The mortgage loan portfolio totaled $955.6 million at September 30, 2009, a 7.3% decrease from $1.031 billion at September 30, 2008, and a decrease of 6.6%, from $1.023 billion at December 31, 2008. Mortgage loan production for the quarter and nine-month period ended September 30, 2009, totaled $56.2 million and $188.1 million, respectively, which represents an increase of 0.2% for the quarter and a 3.7% increase for the nine-month period from the preceding year. Interest Bearing Liabilities
Total deposits amounted to $1.918 billion at September 30, 2009, an increase of 7.5% compared to $1.785 billion at December 31, 2008, primarily due to increased retail deposits, particularly in demand deposit accounts. Stockholders' Equity
Stockholders' equity at September 30, 2009, was $382.6 million, compared to $261.3 million at December 31, 2008, mainly reflecting increased earnings in the nine-month period.
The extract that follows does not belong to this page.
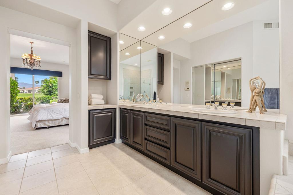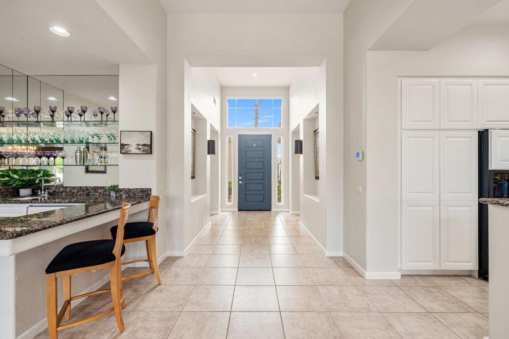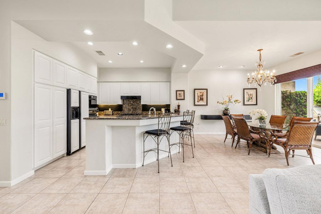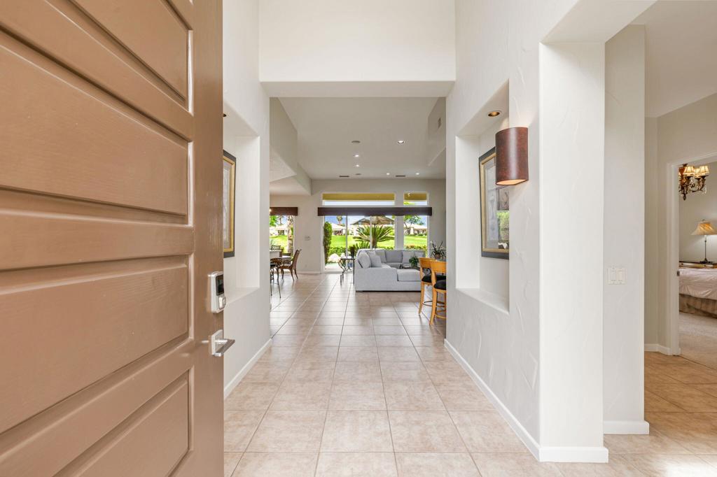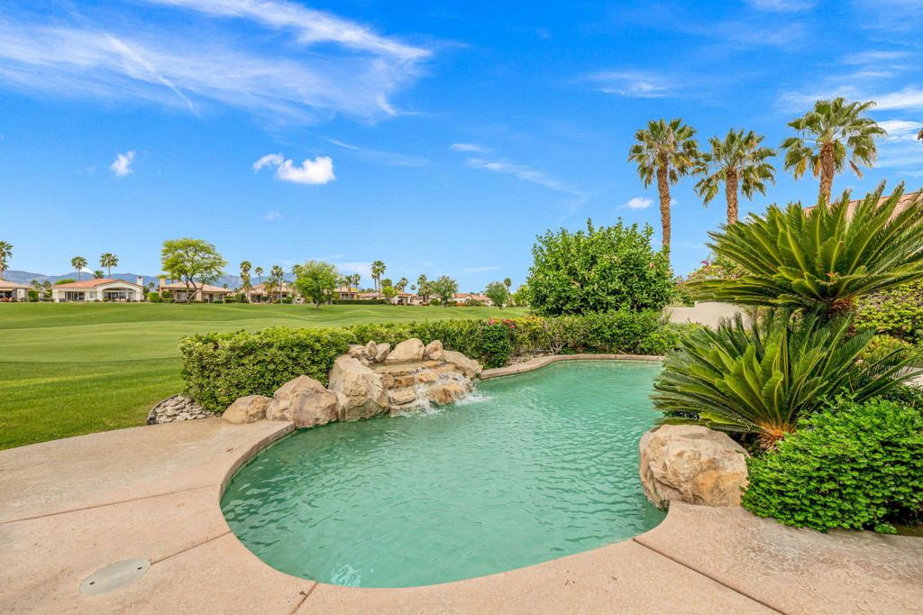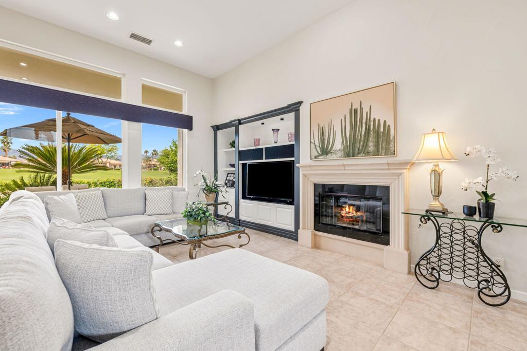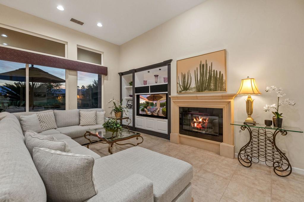 Welcome to one of the most desirable opportunities in Indian Ridge. This highly sought-after west-facing Bougainvillea 1 floor plan is perfectly positioned on the 14th fairway of the Arroyo Course, capturing breathtaking sunsets and delivering the ultimate desert lifestyle. Designed for effortless indoor-outdoor living, this home offers your own private retreat, complete with a heated pool and spa with multi-color lighting, built-in BBQ, and even a Tesla charger. Whether you're entertaining or unwinding under the stars, every detail has been thoughtfully curated. Spanning 2,430 square feet, the home features three spacious en-suite bedrooms and 3.5 baths, offering ideal privacy with separated guest suites. The generous primary suite opens directly to the spa, perfect for a quiet evening soak after a day on the course. Offered furnished and move-in ready, the home has been freshly painted throughout including cabinetry, and features granite countertops in both the kitchen and bar area. Lush citrus trees add charm and character to your outdoor space. And for those looking at investment potential, this property comes with a built-in returning tenant, generating approximately $40,000 annually. This is more than a home, it's a lifestyle, an income opportunity, and a place to truly enjoy everything desert living has to offer.

The Group maintains capital ratios in excess of regulatory requirements. At September 30, 2009, Tier 1 Leverage Capital Ratio was 7.69% (1.92 times the requirement of 4.00%), Tier 1 Risk-Based Capital Ratio was 15.81% (3.95 times the requirement of 4.00%), and Total Risk-Based Capital Ratio was 16.45% (2.06 times the requirement of 8.00%).
Due to the initial adoption of FASB ASC 320-10-65-1, in the second quarter of 2009 the Group reclassified the noncredit-related portion of an other-than-temporary impairment loss previously recognized in earnings in the third quarter of 2008 for an amount of $14.4 million that increased retained earnings and accumulated other comprehensive loss. This reclassification had a positive impact on regulatory capital, but no impact on stockholders' equity.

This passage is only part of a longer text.